## Exercise description
Output the listing below exactly, minus its images.
═══ Provided data
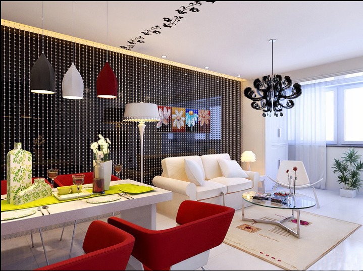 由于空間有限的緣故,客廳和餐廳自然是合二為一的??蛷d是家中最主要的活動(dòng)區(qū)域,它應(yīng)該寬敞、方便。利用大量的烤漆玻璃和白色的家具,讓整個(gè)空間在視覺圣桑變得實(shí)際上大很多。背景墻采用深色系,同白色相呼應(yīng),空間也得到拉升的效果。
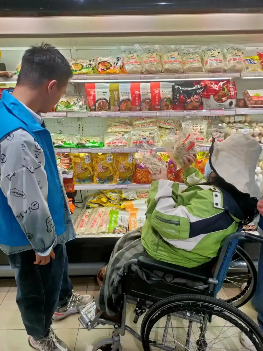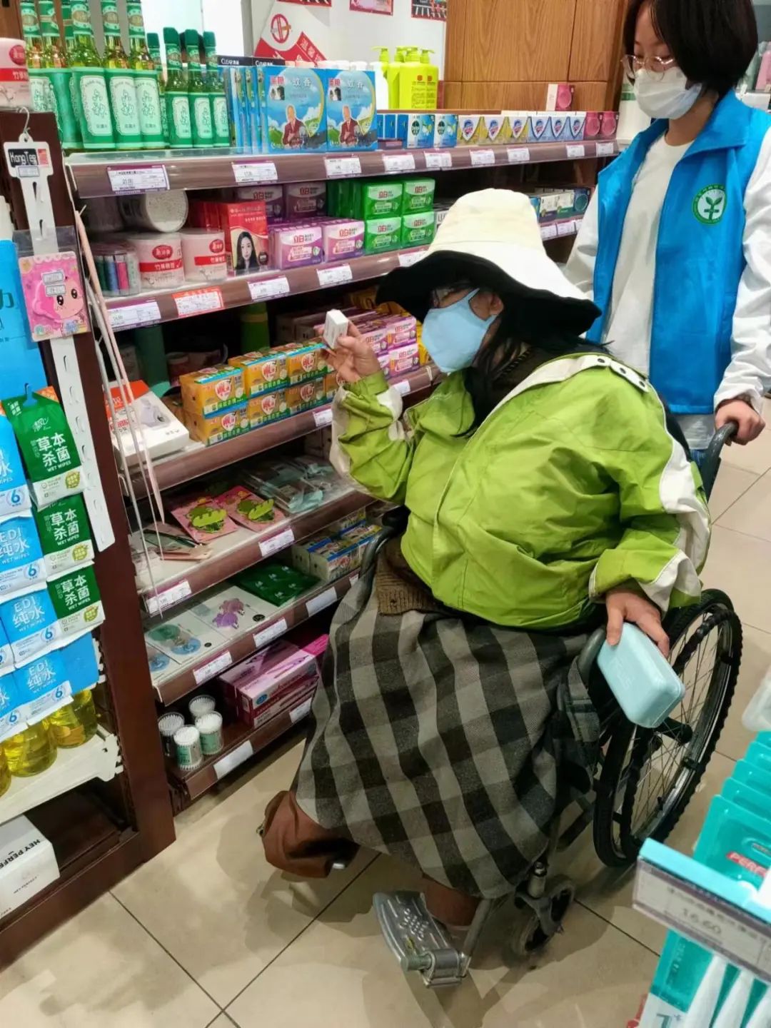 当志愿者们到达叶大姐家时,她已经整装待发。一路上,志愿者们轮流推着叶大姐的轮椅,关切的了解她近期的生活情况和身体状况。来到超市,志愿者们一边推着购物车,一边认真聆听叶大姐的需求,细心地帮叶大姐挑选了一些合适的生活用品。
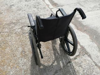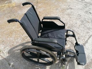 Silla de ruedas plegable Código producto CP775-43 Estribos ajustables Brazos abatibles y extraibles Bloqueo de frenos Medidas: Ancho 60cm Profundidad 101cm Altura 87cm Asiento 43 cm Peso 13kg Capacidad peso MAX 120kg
══════
## Exercise output
 由于空間有限的緣故,客廳和餐廳自然是合二為一的??蛷d是家中最主要的活動(dòng)區(qū)域,它應(yīng)該寬敞、方便。利用大量的烤漆玻璃和白色的家具,讓整個(gè)空間在視覺圣桑變得實(shí)際上大很多。背景墻采用深色系,同白色相呼應(yīng),空間也得到拉升的效果。
 当志愿者们到达叶大姐家时,她已经整装待发。一路上,志愿者们轮流推着叶大姐的轮椅,关切的了解她近期的生活情况和身体状况。来到超市,志愿者们一边推着购物车,一边认真聆听叶大姐的需求,细心地帮叶大姐挑选了一些合适的生活用品。
 Silla de ruedas plegable Código producto CP775-43 Estribos ajustables Brazos abatibles y extraibles Bloqueo de frenos Medidas: Ancho 60cm Profundidad 101cm Altura 87cm Asiento 43 cm Peso 13kg Capacidad peso MAX 120kg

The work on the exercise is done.